If you've already been on maintenance medications (in many cases for years), prescription companies are now forcing patients to step down and go backwards in their maintenance drugs before they can "Step Up" again. Does anyone else see anything wrong with this? This includes all medications (including allergy meds which change regularly as a person's body develops a tolerance for the medication) and is not restricted to age (so, if you have medication that is working for your young child or your elderly parent, you may have to back up in their drug therapy and keep your fingers crossed that they don't have a problem with the cheaper drugs.)
There was a lawsuit filed by physicians against the pharmaceutical companies a few years back regarding thyroid hormone replacement drugs. Research had shown that quality of the generic drugs were not consistent enough and were not potent enough to match the effectiveness of brand names drugs. The physicians won their case so why are the prescription companies still forcing generic drugs for maintenance meds?
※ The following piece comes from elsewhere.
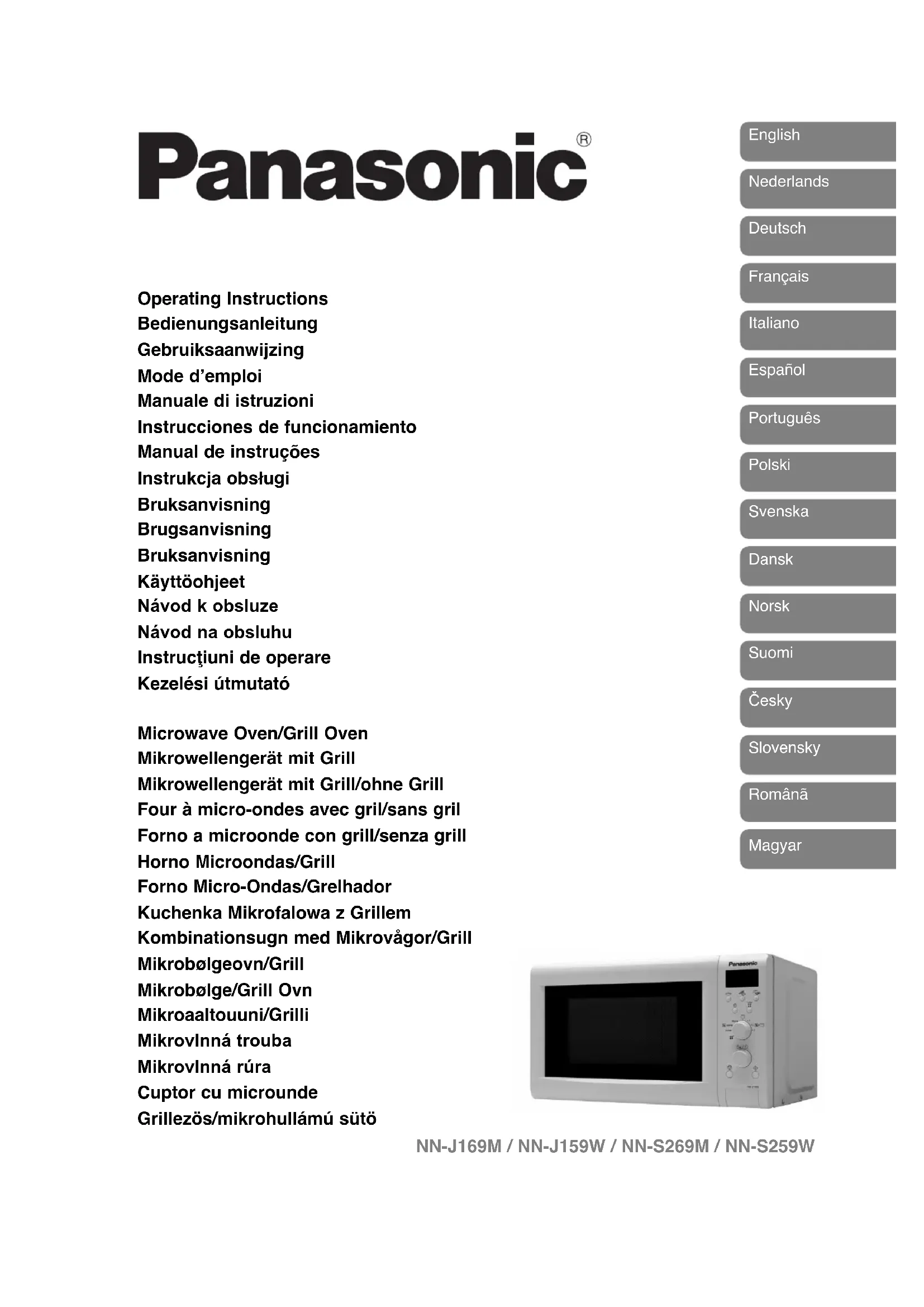Fiche technique NN-J169M / NN-J159W Alimentation 230 V, 50 Hz Puissance dʼentrée Maximale : 1100 W Micro-ondes : 1100 W Gril : 1000 W Puissance de sortie Micro-ondes; 700 W (IEC-60705) Résistance; 1000 W Dimensions extérieures 433 (L) x 327 (P) x 258 (H) mm Dimensions intérieures 292 (L) x 297 (P) x 185 (H) mm Poids (hors emballage) 12.0 Kg Bruit: 46dB NN-S269M / NN-S259W Alimentation 230 V, 50 Hz Puissance dʼentrée Micro-ondes : 1100 W Puissance de sortie Micro-ondes; 700 W (IEC-60705) Dimensions extérieures 433 (L) x 327 (P) x 258 (H) mm Dimensions intérieures 292 (L) x 297 (P) x 216 (H) mm Poids (hors emballage) 10.5 Kg Bruit: 46dB Ce produit est un matériel qui répond aux normes européennes sur les perturbations électromagnétiques EMC (EMC = compatibilité électromagnétique) EN 55011. Selon cette norme, ce produit est classé Groupe 2, classe B et reste dans les limites requises. La classification groupe 2 signifie que l'énergie à fréquence radio est intentionnellement émise sous forme d'une radiation éléctromagnétique afin de réchauffer ou de cuire des aliments. Classe B signifie que ce produit peut être utilisé dans un environnement domestique usuel.Fr-21 Tekniske specifikationer Information concernant la mise au rebut des appareils électriques et électroniques (ménages privés) Ce symbole sur les produits et/ou la documentation qui les accompagne signifie que les appareils électriques et électroniques ne doivent pas être mis au rebut avec les déchets ménagers habituels. Pour en assurer le traitement, la récupéra- tion et le recyclage appropriés, veuillez déposer ces appareils dans des centres de collecte désignés qui les accepteront gratuitement. Dʼautre part, dans certains pays, vous pourrez remettre vos produits à votre détaillant local contre lʼachat dʼun nouveau produit équivalent. La mise au rebut correcte de ce produit permettra dʼéconomiser des ressources de valeur et dʼéviter tous effets négatifs potentiels sur la santé humaine et sur lʼenvironnement qui pourraient être exercés par une mise au rebut inapproprié. Pour tous détails complémentaires concernant votre centre de collecte désigné le plus proche, veuillez vous adresser à vos autorités locales. Vous pourrez encourir une amende en cas de mise au rebut incorrecte de ces produits, et cela conformément à la législation nationale. Utilisateurs dans le commerce dans les pays de lʼUnion européenne Si vous désirez mettre au rebut des appareils électriques et électroniques, veuillez contacter votre négociant ou fournisseur qui vous fourniront un complément dʼinformation. Information sur la mise au rebut dans les pays en dehors de lʼUnion européenne Ce symbole nʼest valable que dans les seuls pays de lʼUnion européenne. Si vous désirez mettre au rebut ce produit, veuillez contacter vos autorités locales ou votre négociant et leur demander des détails sur la mise au rebut correcte. Conformément à la directive CEM 2004/108/CE, article 9, par. 2 : Centre dʼessais Panasonic Panasonic Service Europe, une division de Panasonic Marketing Europe GmbH Winsbergring 15, 22525 Hambourg, République fédérale dʼAllemagne. Fabriqué pour Panasonic Corporation par MMEAM No.18 HuanZhen West Road, BeiJiao, ShunDe, FoShan, GuangDong, République populaire de Chine.Panasonic Corporation Web Site:http://panasonic.com.net © Panasonic Corporation 2009 Printed in ChinaEnglish Nederlands Deutsch Français Italiano Español Português Polski Svenska Dansk Norsk Suomi Česky Slovensky Românã Magyar Operating Instructions Bedienungsanleitung Gebruiksaanwijzing Mode dʼemploi Manuale di istruzioni Instrucciones de funcionamiento Manual de instruções Instrukcja obsługi Bruksanvisning Brugsanvisning Bruksanvisning Käyttöohjeet Návod k obsluze Návod na obsluhu Instrucţiuni de operare Kezelési útmutató Microwave Oven/Grill Oven Mikrowellengerät mit Grill Mikrowellengerät mit Grill/ohne Grill Four à micro-ondes avec gril/sans gril Forno a microonde con grill/senza grill Horno Microondas/Grill Forno Micro-Ondas/Grelhador Kuchenka Mikrofalowa z Grillem Kombinationsugn med Mikrovågor/Grill Mikrobølgeovn/Grill Mikrobølge/Grill Ovn Mikroaaltouuni/Grilli Mikrovlnná trouba Mikrovlnná rúra Cuptor cu microunde Grillezös/mikrohullámú sütö NN-J169M / NN-J159W / NN-S269M / NN-S259WIMPORTANT SAFETY INSTRUCTIONS: Before operating this oven, please read these instructions carefully and keep for future reference. WICHTIGE SICHERHEITSANWEISUNGEN. Bitte sorgfältig durchlesen und zur weiteren Bezugnahme aufbewahren. BELANGRIJKE VEILIGHEIDSINSTRUCTIES. Lees ze a.u.b. zorgvuldig door en bewaar ze zodat u ze opnieuw kunt raadplegen wanneer nodig. INSTRUCTIONS DE SÛRETÉ IMPORTANTES. Avant dʼutiliser le four à micro-ondes, lisez attentivement les recommandations dʼutilisation et conservez-les soigneusement. ISTRUZIONI IMPORTANTI PER LA SICUREZZA. Leggere attentamente queste note e conser- varle per riferimento futuro. INSTRUCCIONES SOBRE SEGURIDAD IMPORTANTES. Léalas detenidamente y guárdelas para futura referencia. INSTRUÇÕES DE SEGURANÇA IMPORTANTES. Leia atentamente as instruções de segu- rança e guarde-as para futuras consultas. WAŻNE INSTRUKCJE BEZPIECZEŃSTWA. Prosimy o dokładne zapoznanie się z instrukcją i zachowanie jej. VIGTIGE SIKKERHEDSFORSKRIFTER. Læses omhyggeligt, og opbevares til senere brug. VIKTIGE SIKKERHETSINSTRUKSJONER. Les nøye, og oppbevar på et trygt sted slik at du kan slå opp ved behov. TÄRKEITÄ TURVALLISUUSTIETOJA. Lue nämä ohjeet huolellisesti ja säilytä ne myöhempää tarvetta varten. VIKTIGA SÄKERHETSANVISNINGAR. Läs igenom anvisningarna noga och spara dem för framtida referens. DŮLEŽITÉ BEZPEČNOSTNÍ POKYNY. Před uvedením trouby do provozu si laskavě pečlivě přečtěte tyto pokyny a uschovejte je pro budoucí použití. DÔLEŽITÉ BEZPEČNOSTNÉ UPOZORNENIE. Pred uvedením tejto mikrovlnnej rúry

For example, on 150 mcg generic Synthroid, my TSH was registering a 3.39 on which is in the "normal" range. Because my symptoms had not abated, my doctor put me on brand name Synthroid and my TSH came back at .59. My 30mg Prevacid has a generic that I have been trying for 6mos because my insurance wouldn't cover the brand name. The problem is that the generic is not as good as the brand name and I am having to supplement the medication with Tums 3-4 times a week. I'd go back to the brand name 30mg Prevacid but it now subject to the DAW Penalty and will cost me $385/3mos because there's a generic available. I can get it cheaper, over the counter, and just take double the OTC meds (which are only 15mg) so why should I use the prescription service?
If generic maintenance meds were just as good as the brand name, my TSH should have remained at 3.39 and I shouldn't have needed Tums.